Integral of $e^{ix^2}$ How does one evaluate 
$$\int_{-\infty}^{\infty} e^{ix^2} dx$$
I know the trick how to evaluate $\int_{-\infty}^{\infty} e^{-x^2}dx$ but trying to apply it here I get a limit which does not converge:
$I = \int_{-\infty}^{\infty} e^{ix^2}dx = \int_{-\infty}^{\infty} e^{iy^2}dy \\\implies I^2 = \int_{-\infty}^{\infty} \int_{-\infty}^{\infty} e^{i(x^2+y^2)}dxdy = \int_{0}^{2\pi}\int_{0}^{\infty} re^{ir^2} = -\pi i (e^{i\infty}-e^0) $
and $e^{i\infty} $ is not defined. 
Are there any other methods? I am not interested in the result (WolframAlpha can do this for me), but rather the method.
 A: Here is another solution with a different contour.
Let $$I=\int^{\infty}_{-\infty}e^{ix^2}\text{ d}x$$ and let $$f(z)=e^{iz^2}$$ Note that our function is even.

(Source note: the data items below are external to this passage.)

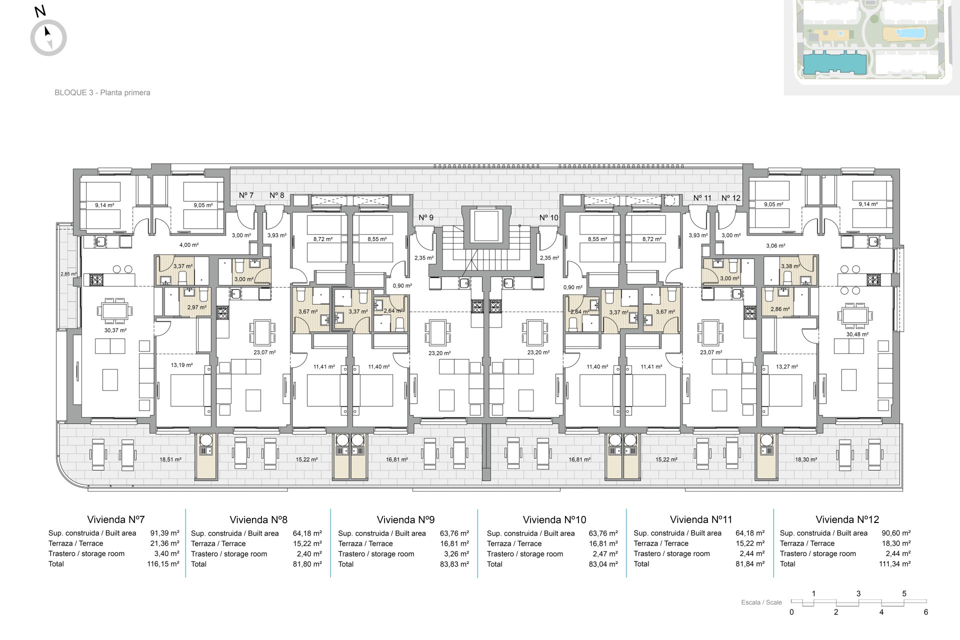 Wnętrze nieruchomości wyróżnia się nowoczesnością i funkcjonalnością. Z wbudowanymi szafami, które maksymalizują przestrzeń, niektóre jednostki mają również prywatne jacuzzi, idealne do relaksu po dniu spędzonym na słońcu.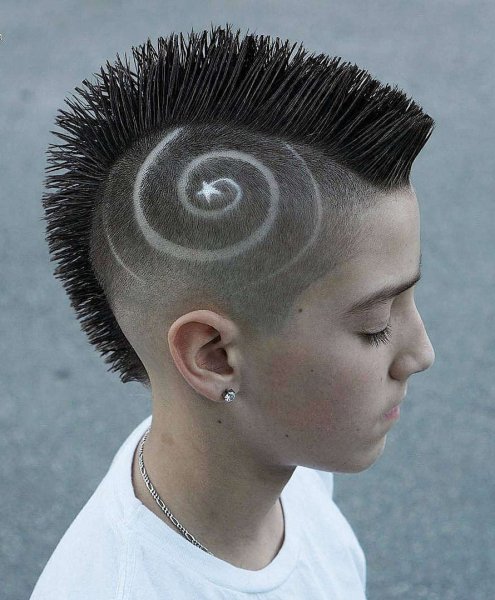 ![Прическа для мальчика модная выбритыми]()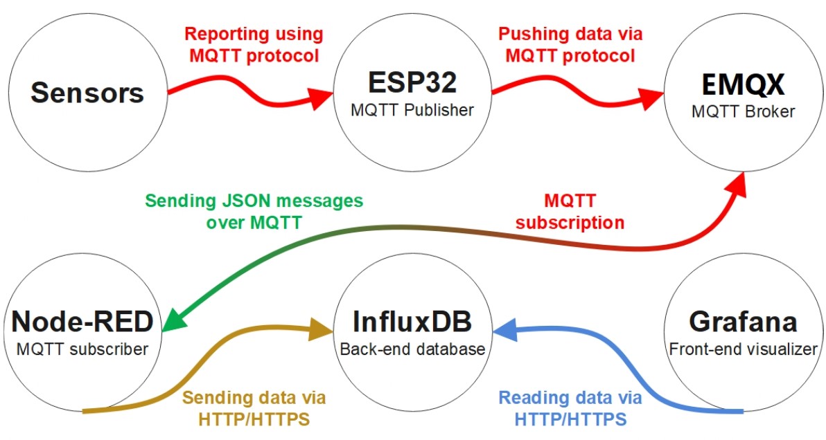 The target is to collect data from the sensors and visualize them in graphs using Grafana. There is a series of steps for each sensor connected to ensure that the data is received by ESP32, processed by Node-RED, stored in InfluxDB, and then charted using Grafana. A repeated automated process, as shown in the figure below.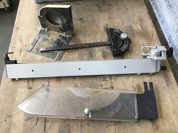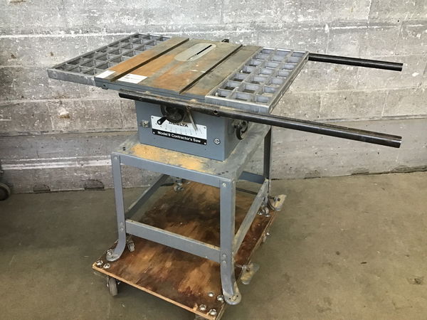 Delta-Rockwell model 9 contractor saw circa 1985. Ran like a dream when we tested it out, but as always - use at your own risk!! Mounted on a great steel stand with retractable casters Comes with a motor cover, adjustable guide, miter gauge, and anti-kickback blade guard splitter (the blade guards alone sell on ebay for over $100). Has a 9 in blade and throat plate installed, but you can easily swap those out. The table surface has a bit of rust but otherwise this little darlin' is looking fantastic!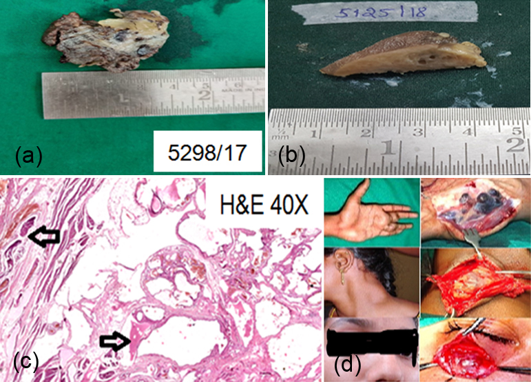 Figure 3a-d: Venous malformation- Large malformed, irregular venous channels with muscular walls with internal organizing thrombi.
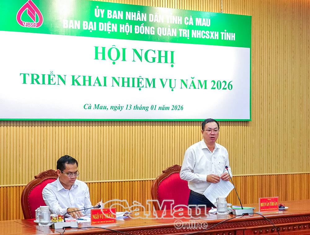 Báo Cà Mau Sáng 13/1, Phó Chủ tịch UBND tỉnh Cà Mau Ngô Vũ Thăng, Trưởng ban đại diện Hội đồng quản trị Ngân hàng Chính sách xã hội (NHCSXH) tỉnh, chủ trì hội nghị triển khai nhiệm vụ năm 2026.
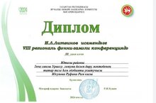 Дипломант VIII региональной научно-практической конференции им.И. Л. Литвинова. 05.12.2024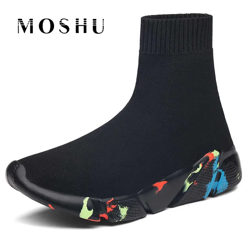Кроссовки-носки женские, вязаные, на платформе, Вулканизированная подошва, без шнуровки, стрейчевые, модная обувь для тренировок, черные, 2021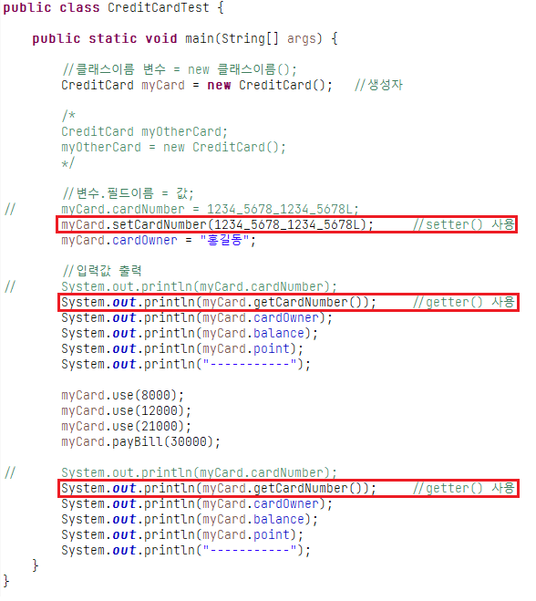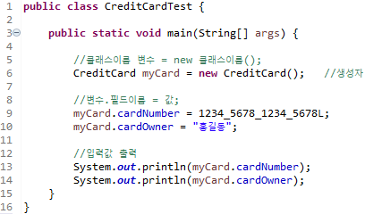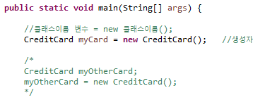 - 객체를 생성하기 휘해서는 키워드 new 이후에 CreditCard()와 같이 생성자를 호출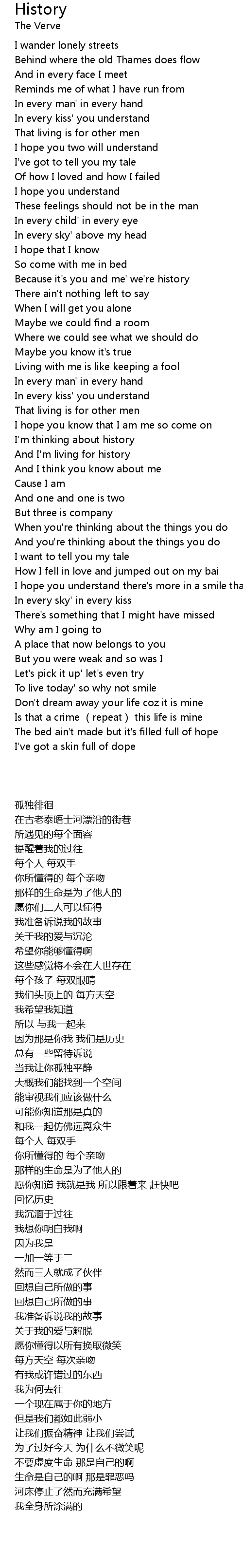 | 歌曲 | History |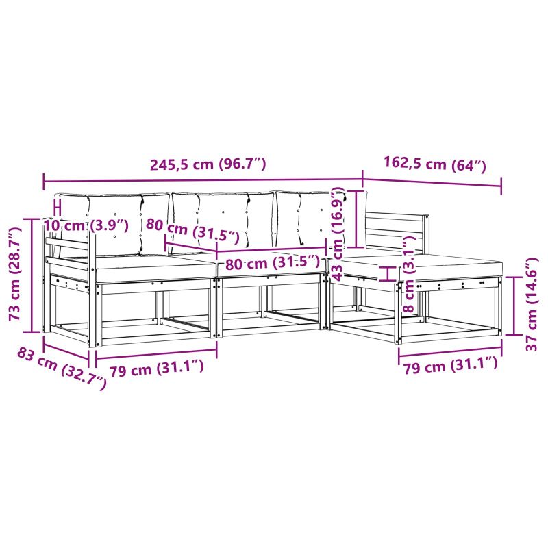 • 4 x Седалка: 80 x 80 x 8 см (Д x Ш x В)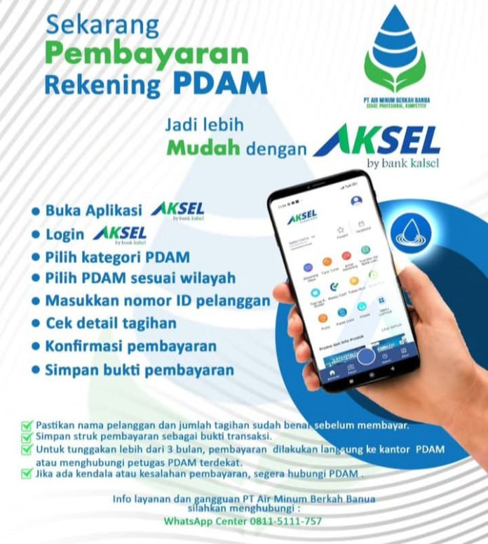WARTABANJAR.COM, BANJARMASIN- Tak ingin repot membayar tagihan PDAM ke loket? Sekarang bisa dilakukan dengan cara lebih mudah, yaitu melalui mobile banking.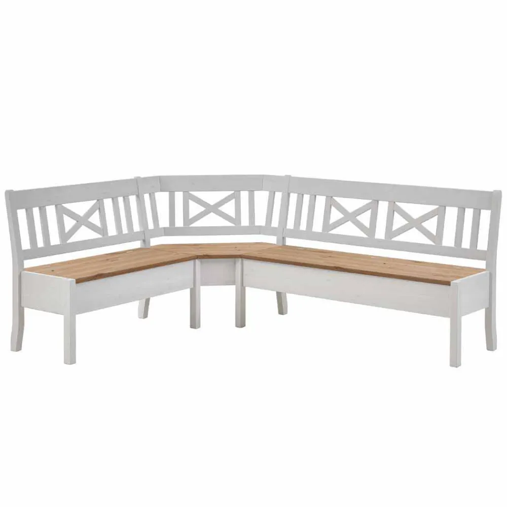 - Gemütliche Eckbank in Weiß und Kiefer laugenfarbig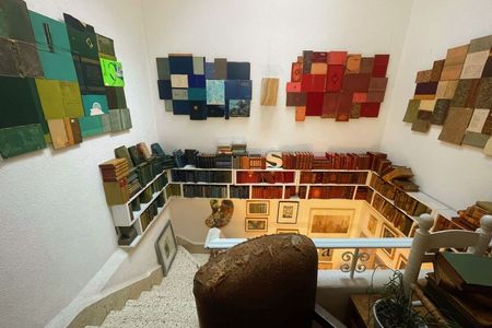 Recámara- estudio con puerta corrediza de vidrio templado al exterior, cerradura de seguridad en acero inoxidable diseñada y fabricación única.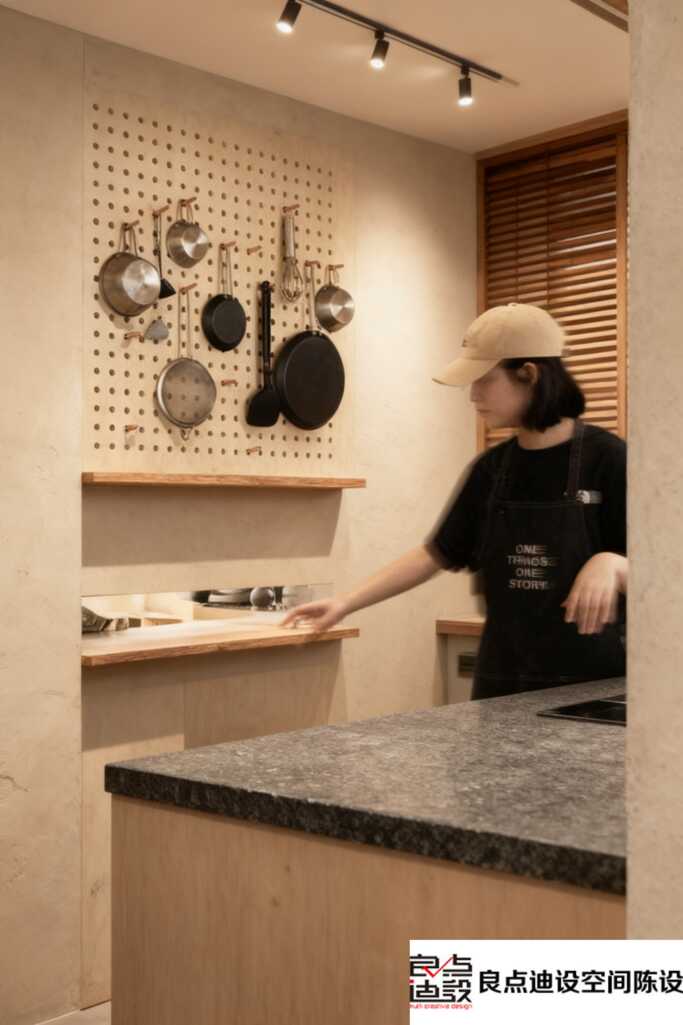 走到中岛台附近,细节控简直狂喜!灰色台面跟木色搭配得恰到好处,沉稳又不失层次感,实用性也拉满。***戳我的是那个黑色水龙头,小小一个点缀,瞬间让空间多了几分精致感,还不显突兀。软装嘛,就是这样——往往一个小元素就能点亮全场,这家店做得超到位。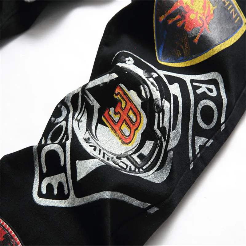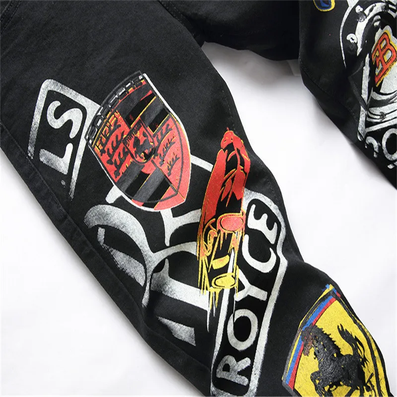 Новинка мужские облегающие эластичные черные мужские джинсы с монограмным принтом Молодежные трендовые Универсальные мужские брюки с меховой отделкой и средней талией в уличном стиле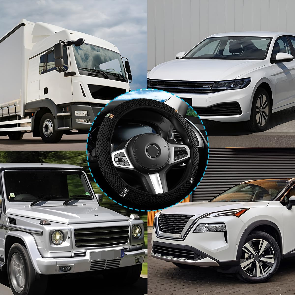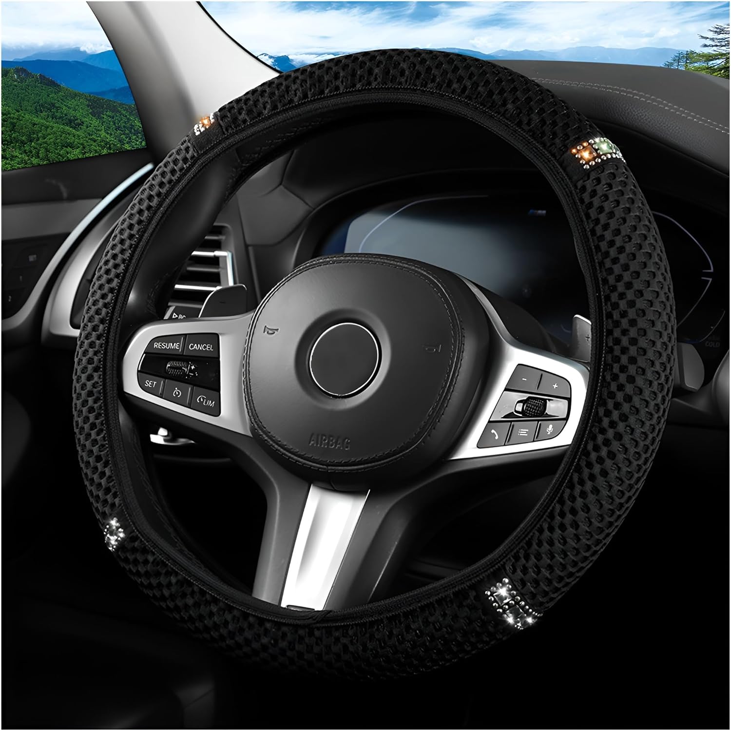 High Quality Material: Our car steering wheel cover is made of high quality ice silk mesh fabric and rhinestone material. Ice mesh has good heat dissipation properties, breathable and dry, avoiding slippage caused by sweating. Ice mesh fabric is soft and skin-friendly, wear-resistant and durable, able to withstand frequent daily use and all kinds of friction. The rhinestones are brilliant in the light, enhancing the beauty and texture of the car interior.

In user279043's answer, the contour they chose was (what I would presume) based on the fact that the complex integrand can be rewritten like this $$\exp\left(z^2e^{\frac{i\pi}2}\right)=\exp\left(\left(ze^{\frac{i\pi}4}\right)^2\right)$$ which implies that the integrand is well behaved along the ray $e^{\frac{i\pi}4}$.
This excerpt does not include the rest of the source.